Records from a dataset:
┌──
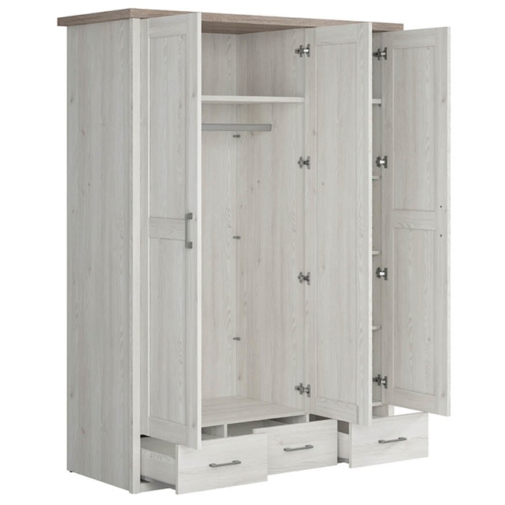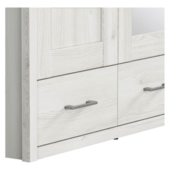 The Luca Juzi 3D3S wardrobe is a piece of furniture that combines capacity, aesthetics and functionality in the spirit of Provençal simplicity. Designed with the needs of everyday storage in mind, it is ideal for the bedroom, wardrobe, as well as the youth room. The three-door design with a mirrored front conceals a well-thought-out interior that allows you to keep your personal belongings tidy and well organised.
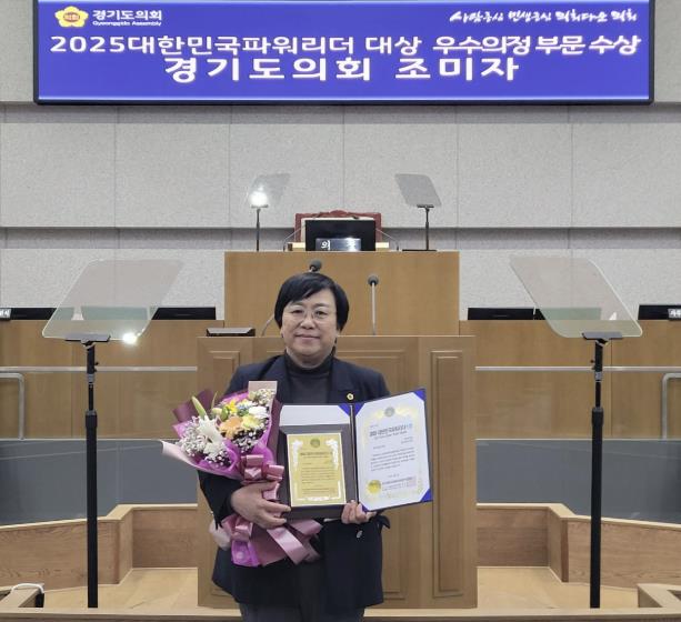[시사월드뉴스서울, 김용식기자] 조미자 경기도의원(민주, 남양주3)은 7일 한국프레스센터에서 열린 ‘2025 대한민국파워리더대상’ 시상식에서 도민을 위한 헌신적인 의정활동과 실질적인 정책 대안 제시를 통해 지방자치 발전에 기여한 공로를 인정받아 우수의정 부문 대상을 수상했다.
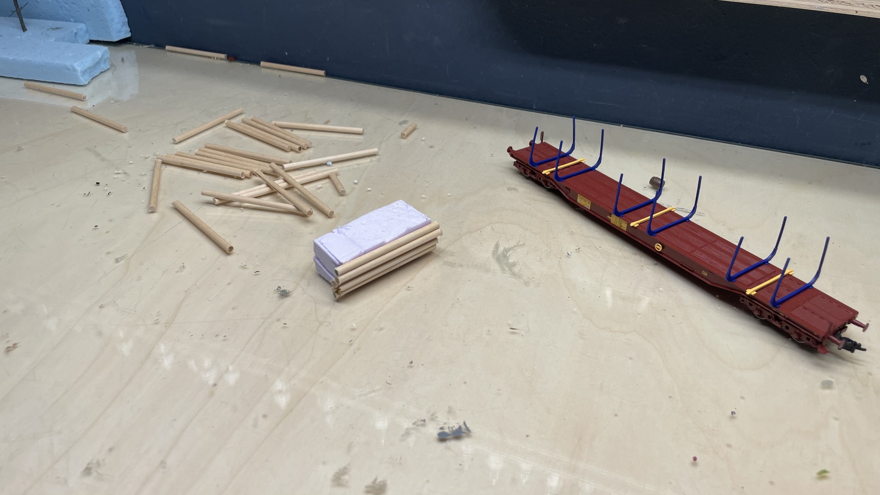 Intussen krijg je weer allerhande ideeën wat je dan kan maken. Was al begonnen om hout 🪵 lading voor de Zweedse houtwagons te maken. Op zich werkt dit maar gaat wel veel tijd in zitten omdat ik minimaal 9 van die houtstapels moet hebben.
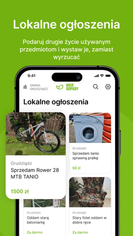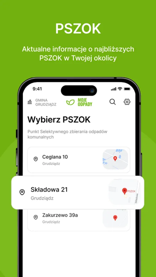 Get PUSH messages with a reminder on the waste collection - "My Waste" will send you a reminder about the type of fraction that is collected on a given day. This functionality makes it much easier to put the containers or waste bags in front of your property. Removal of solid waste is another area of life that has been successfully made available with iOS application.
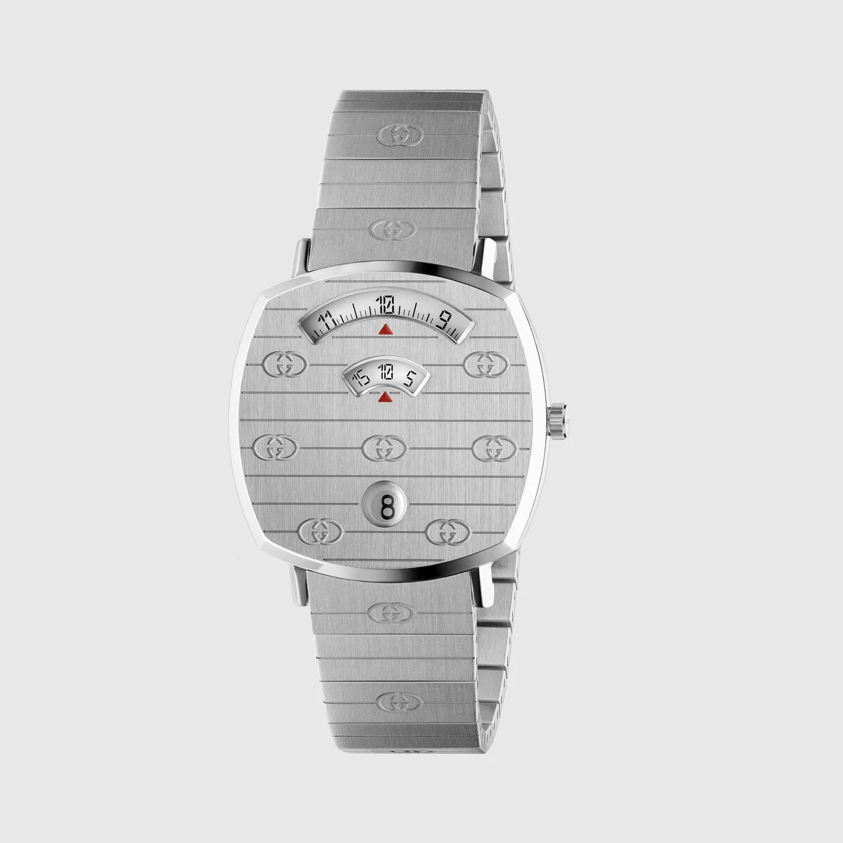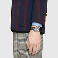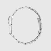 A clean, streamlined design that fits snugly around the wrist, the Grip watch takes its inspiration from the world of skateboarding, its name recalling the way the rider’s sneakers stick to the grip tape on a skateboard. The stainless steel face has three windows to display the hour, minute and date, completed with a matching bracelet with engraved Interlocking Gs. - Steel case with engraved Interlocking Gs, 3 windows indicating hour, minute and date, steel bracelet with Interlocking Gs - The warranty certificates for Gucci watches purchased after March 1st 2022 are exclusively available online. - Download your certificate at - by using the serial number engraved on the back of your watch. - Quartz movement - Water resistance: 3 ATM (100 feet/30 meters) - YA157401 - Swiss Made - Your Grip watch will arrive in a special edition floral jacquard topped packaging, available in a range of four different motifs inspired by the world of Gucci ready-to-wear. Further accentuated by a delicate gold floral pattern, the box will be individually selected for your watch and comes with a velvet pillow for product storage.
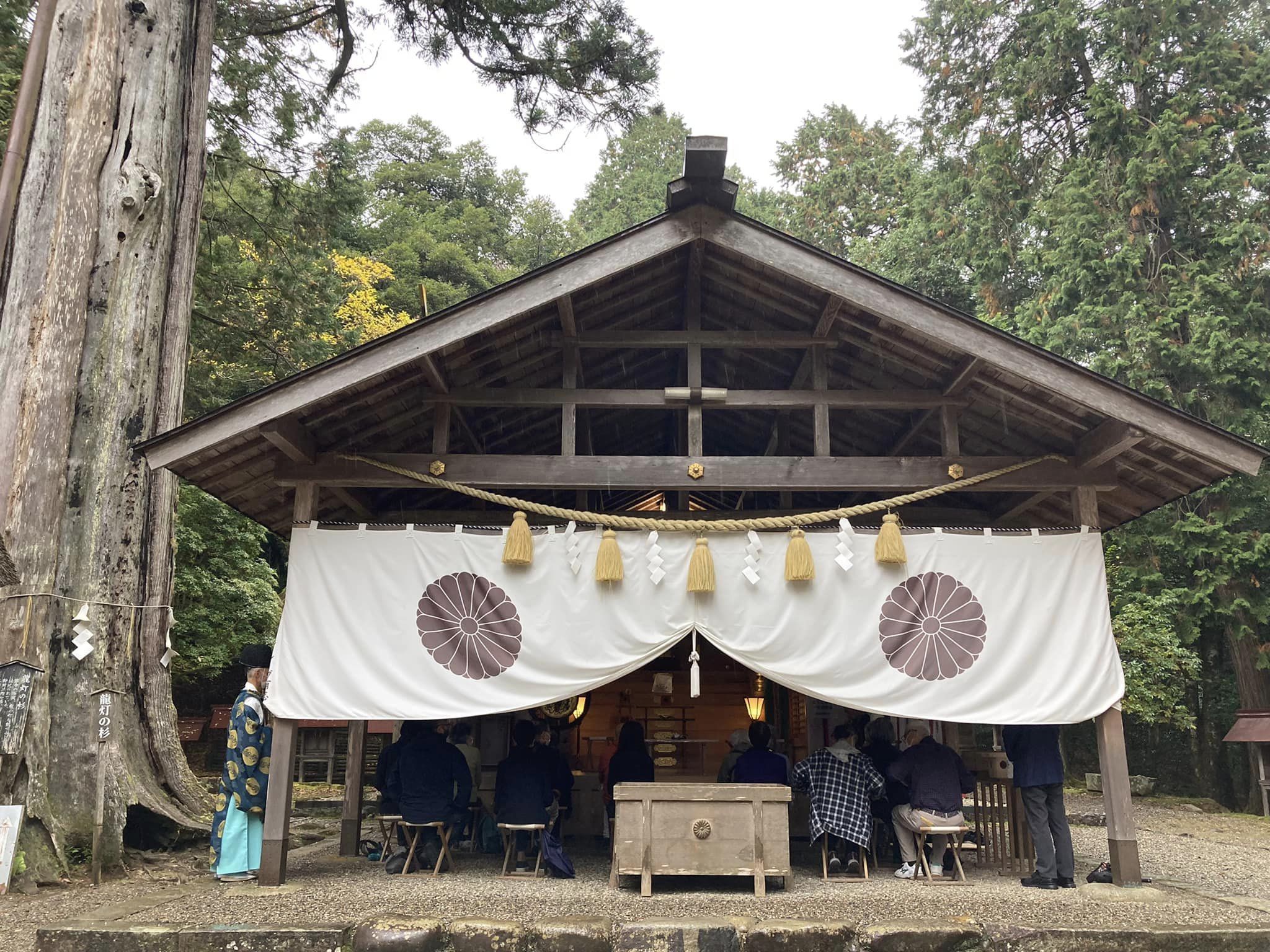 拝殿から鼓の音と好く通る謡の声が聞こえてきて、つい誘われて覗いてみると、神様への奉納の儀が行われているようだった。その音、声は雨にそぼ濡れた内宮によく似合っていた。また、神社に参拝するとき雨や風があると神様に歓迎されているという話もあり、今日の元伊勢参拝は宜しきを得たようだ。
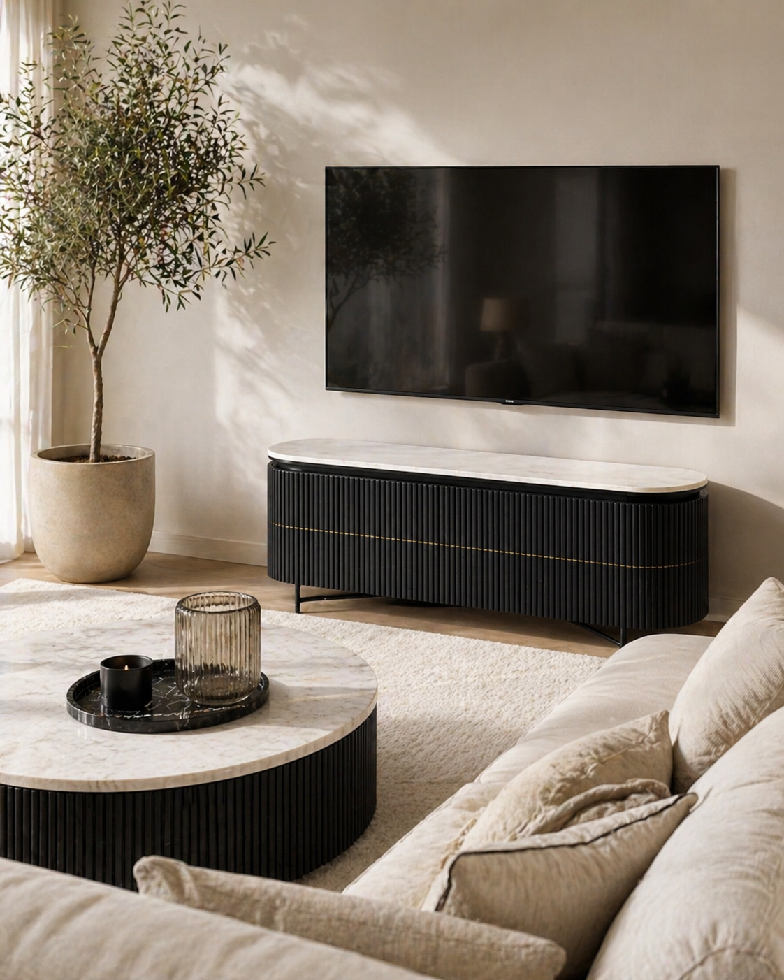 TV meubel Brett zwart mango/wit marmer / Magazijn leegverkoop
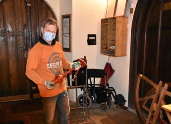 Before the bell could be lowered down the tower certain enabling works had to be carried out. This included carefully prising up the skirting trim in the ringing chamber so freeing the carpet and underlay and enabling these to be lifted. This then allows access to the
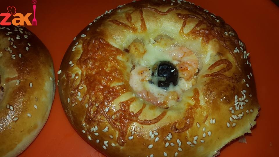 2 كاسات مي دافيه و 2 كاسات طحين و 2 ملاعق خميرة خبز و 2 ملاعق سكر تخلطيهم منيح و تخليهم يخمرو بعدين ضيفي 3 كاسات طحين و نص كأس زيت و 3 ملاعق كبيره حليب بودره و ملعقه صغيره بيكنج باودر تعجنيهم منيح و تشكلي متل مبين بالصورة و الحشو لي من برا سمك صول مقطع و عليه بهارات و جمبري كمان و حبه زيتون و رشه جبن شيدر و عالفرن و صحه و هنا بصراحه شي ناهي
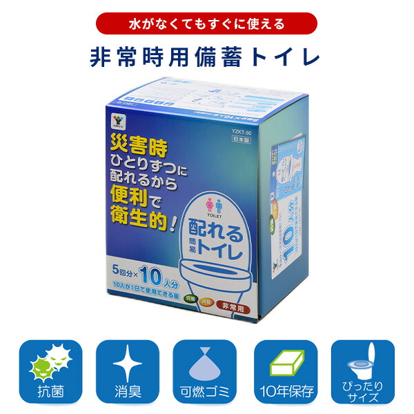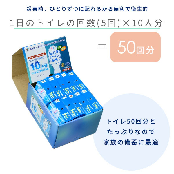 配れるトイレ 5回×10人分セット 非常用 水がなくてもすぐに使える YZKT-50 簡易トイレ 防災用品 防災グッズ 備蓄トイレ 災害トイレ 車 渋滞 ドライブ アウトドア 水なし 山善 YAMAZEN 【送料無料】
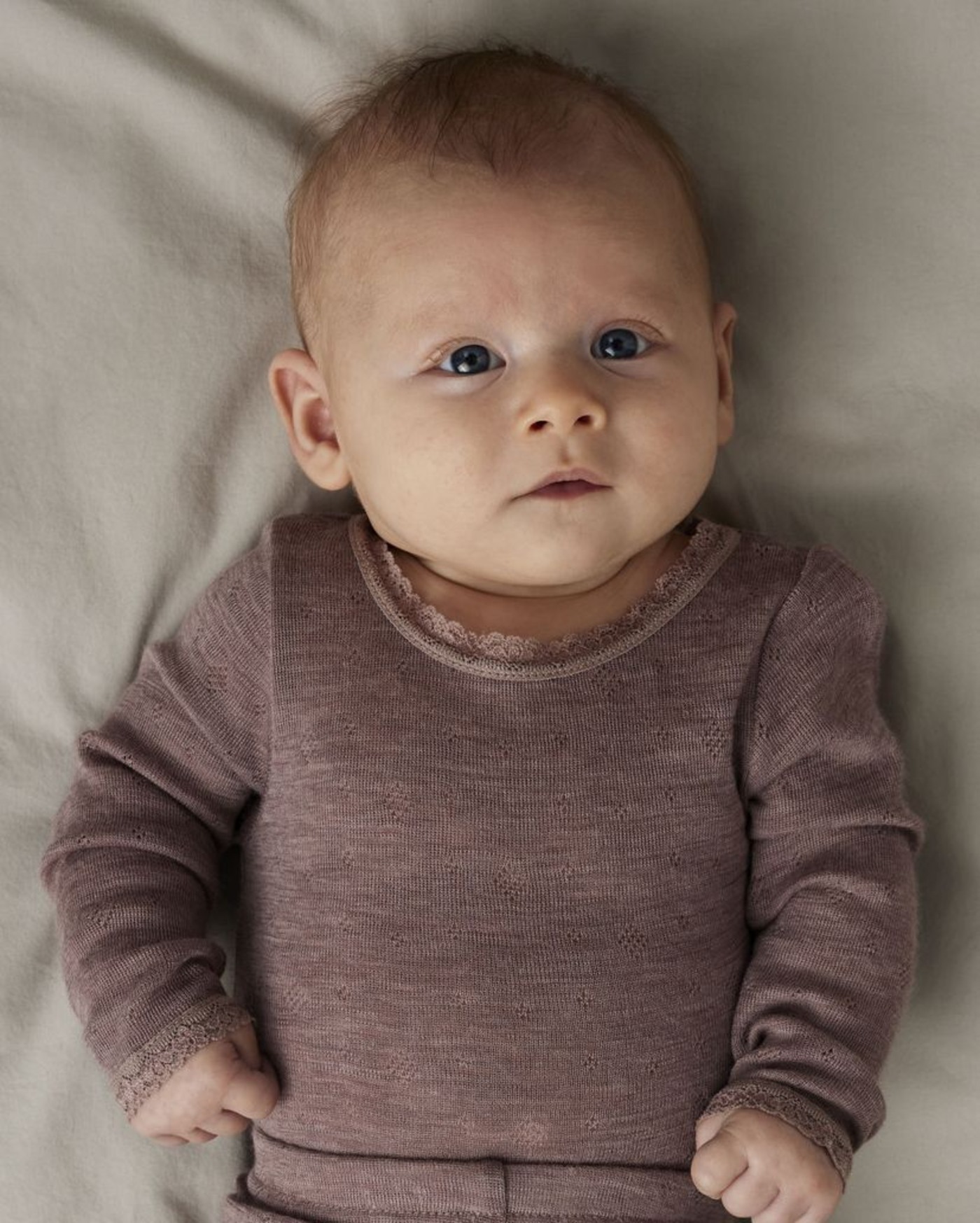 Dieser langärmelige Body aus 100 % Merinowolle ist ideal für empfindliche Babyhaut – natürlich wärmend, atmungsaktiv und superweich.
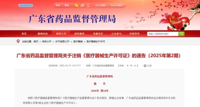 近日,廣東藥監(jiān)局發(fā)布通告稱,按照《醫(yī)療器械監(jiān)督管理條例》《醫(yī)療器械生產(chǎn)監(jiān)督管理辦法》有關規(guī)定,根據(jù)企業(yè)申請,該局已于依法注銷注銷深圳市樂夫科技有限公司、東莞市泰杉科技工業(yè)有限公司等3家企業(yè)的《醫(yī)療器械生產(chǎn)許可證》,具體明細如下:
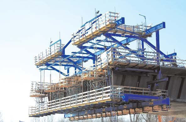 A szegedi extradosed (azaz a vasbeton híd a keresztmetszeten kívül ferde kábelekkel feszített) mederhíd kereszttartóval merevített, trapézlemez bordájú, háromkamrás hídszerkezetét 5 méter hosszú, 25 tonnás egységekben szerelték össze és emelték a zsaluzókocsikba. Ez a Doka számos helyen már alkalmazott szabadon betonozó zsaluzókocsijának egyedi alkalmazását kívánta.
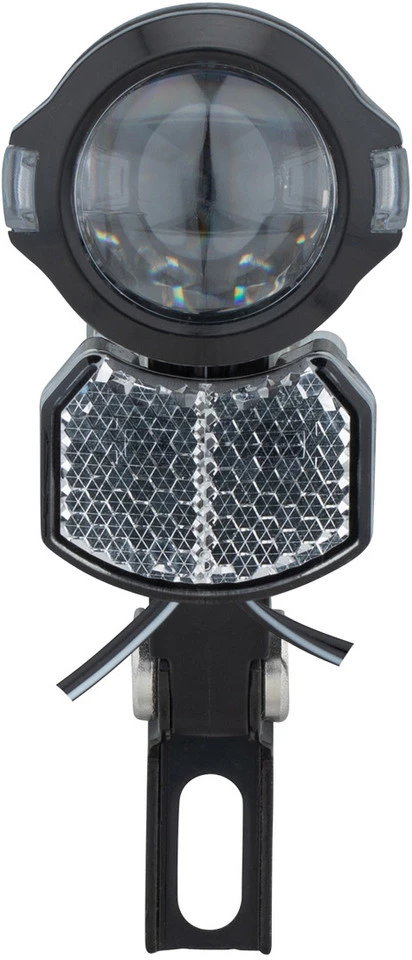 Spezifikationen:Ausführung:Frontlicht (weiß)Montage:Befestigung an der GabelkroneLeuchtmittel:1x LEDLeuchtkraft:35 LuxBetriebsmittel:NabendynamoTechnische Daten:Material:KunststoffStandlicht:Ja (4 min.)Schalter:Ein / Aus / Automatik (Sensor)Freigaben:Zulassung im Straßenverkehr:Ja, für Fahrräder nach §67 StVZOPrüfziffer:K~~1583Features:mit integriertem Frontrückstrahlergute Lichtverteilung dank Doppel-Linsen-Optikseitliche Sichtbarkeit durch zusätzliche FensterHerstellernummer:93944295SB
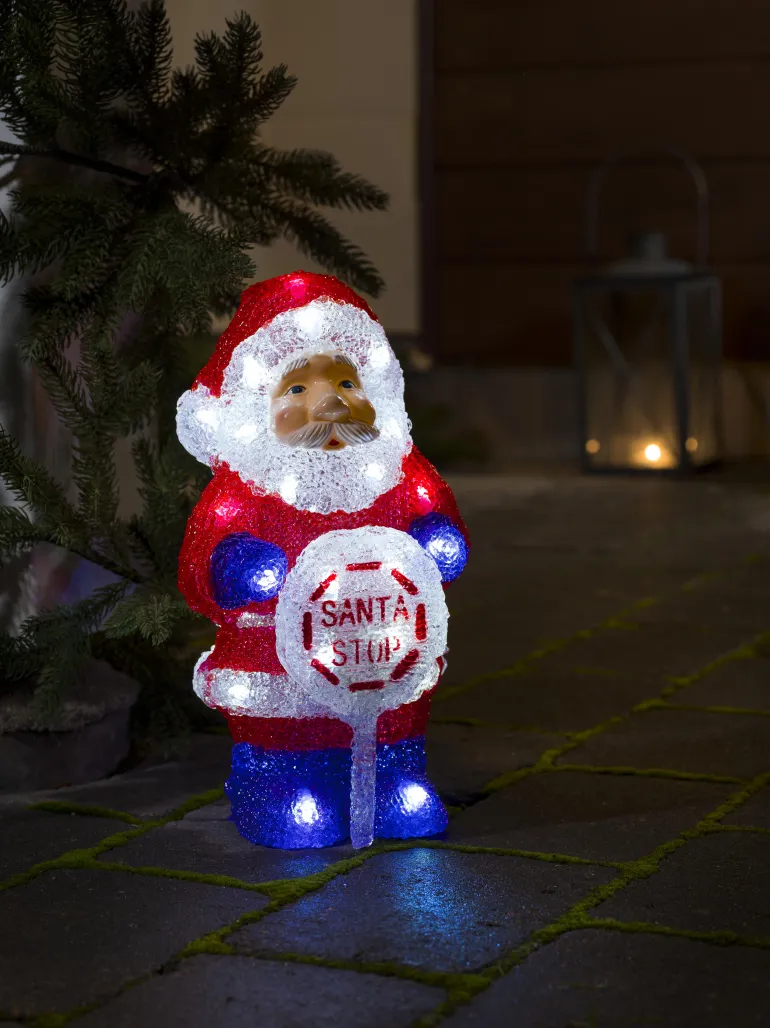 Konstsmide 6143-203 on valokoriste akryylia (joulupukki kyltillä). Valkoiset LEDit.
└──
**WHAT TO DO**
Copy, word for word, the entries above from the first line to the line that holds "Get PUSH messages". Drop the pictures.

**ANSWER TO THIS TASK**
 The Luca Juzi 3D3S wardrobe is a piece of furniture that combines capacity, aesthetics and functionality in the spirit of Provençal simplicity. Designed with the needs of everyday storage in mind, it is ideal for the bedroom, wardrobe, as well as the youth room. The three-door design with a mirrored front conceals a well-thought-out interior that allows you to keep your personal belongings tidy and well organised.
[시사월드뉴스서울, 김용식기자] 조미자 경기도의원(민주, 남양주3)은 7일 한국프레스센터에서 열린 ‘2025 대한민국파워리더대상’ 시상식에서 도민을 위한 헌신적인 의정활동과 실질적인 정책 대안 제시를 통해 지방자치 발전에 기여한 공로를 인정받아 우수의정 부문 대상을 수상했다.
 Intussen krijg je weer allerhande ideeën wat je dan kan maken. Was al begonnen om hout 🪵 lading voor de Zweedse houtwagons te maken. Op zich werkt dit maar gaat wel veel tijd in zitten omdat ik minimaal 9 van die houtstapels moet hebben.
 Get PUSH messages with a reminder on the waste collection - "My Waste" will send you a reminder about the type of fraction that is collected on a given day. This functionality makes it much easier to put the containers or waste bags in front of your property. Removal of solid waste is another area of life that has been successfully made available with iOS application.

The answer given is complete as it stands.